Focal cortical dysplasia (FCD) is a major cause for drug-resistant epilepsies. The molecular and cellular mechanisms of epileptogenesis in FCD are still poorly understood. Some studies have suggested that deficiencies of γ-aminobutyric acid (GABA) system may play an important role in type II FCD, but it remains controversial. In order to examine whether and how GABAergic interneurons and synaptic function are affected, we generated a somatic mTOR hyperactivation-based mouse model of type II FCD by in utero electroporation, quantified densities of interneurons in the malformed cortices, and recorded miniature inhibitory postsynaptic currents in dysmorphic neurons. We detected 20–25% reduction of GABAergic interneurons within malformed cortices, independent of cortical regions and cell subtypes but proportionate to the decrease of global neuron counts. GABAergic synaptic transmission from interneurons to mTOR hyperactivated dysmorphic neurons was dramatically disrupted, outweighing the decrease of interneuron counts. Postnatal mTOR inhibition partially rescued these alterations of GABAergic system. We also quantified the expression of GABA_A receptor, GABA transporter, and chloridion transporter encoding genes and found that their expression was relatively intact within the malformed cortices. Taken together, these results confirmed that GABAergic interneuron and synapse transmission are disturbed profoundly in an mTOR-dependent manner in type II FCD. Our study suggests that postsynaptic mechanisms independent of interneuron reduction or altered expression of GABA synapse genes might be accountable for the impaired GABAergic neurotransmission in type II FCD as well as other mTOR-related epilepsies.
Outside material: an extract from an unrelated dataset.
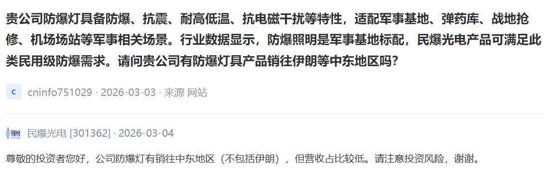 民爆光电 [301362] :公司防爆灯有销往中东地区(不包括伊朗),但营收占比较低。
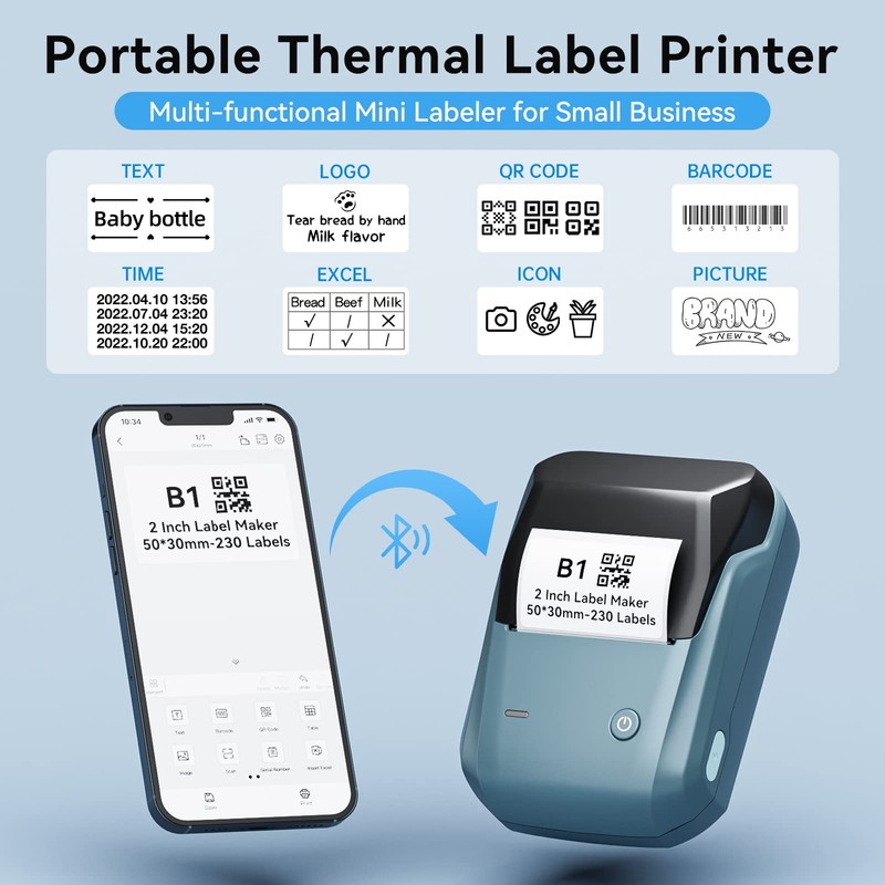 NIIMBOT Barcode Label Printer B1 Label Printer for Small Business, Bluetooth Label Maker with Tape, Address Label Maker for Mailing, Business & Shipping Labels, Compatible with Phone & Computer Trusty Brand: The B1 label maker comes with 1 roll 230pcs 2 x 1.2 inch labels, Type-C charging cable and instruction manual. One-click connect and printing with stable bluetooth connection, A good assistant during Back to School, New Year Eve, Thanksgiving, and Christmas. Multifunctional APP: This label maker uses exclusive mobile APP to edit, you need to download the NIIMBOT App before printing, the free app provides a variety of free templates, allows you to import label text from Excel files, supports printing various texts, numbers, graphics, symbols, logos, barcodes, QR codes Label, etc. Customized your own label just in a second through your phone.

局灶性皮质发育不良（FCD）是耐药性癫痫的主要原因。FCD 癫痫发生的分子和细胞机制仍然知之甚少。一些研究表明γ-氨基丁酸（GABA）系统的缺陷可能在II型FCD中起重要作用，但仍存在争议。为了检查 GABA 能中间神经元和突触功能是否以及如何受到影响，我们通过宫内电穿孔生成了一个基于体细胞 mTOR 过度激活的 II 型 FCD 小鼠模型，量化畸形皮质中的中间神经元密度，并记录了微型抑制性突触后电流畸形神经元。我们检测到畸形皮质内 GABA 能中间神经元减少 20-25%，独立于皮质区域和细胞亚型，但与全局神经元计数的减少成正比。从中间神经元到 mTOR 过度激活的畸形神经元的 GABA 能突触传递被显着破坏，超过中间神经元数量的减少。出生后 mTOR 抑制部分挽救了 GABA 能系统的这些改变。我们还量化了 GABA 的表达_甲受体，GABA转运蛋白，和氯离子转运编码基因，并发现它们的表达是畸形的皮质内相对不变。总之，这些结果证实了在 II 型 FCD 中 GABA 能中间神经元和突触传递以 mTOR 依赖性方式受到严重干扰。我们的研究表明，独立于中间神经元减少或 GABA 突触基因表达改变的突触后机制可能是 II 型 FCD 以及其他 mTOR 相关癫痫中 GABA 能神经传递受损的原因。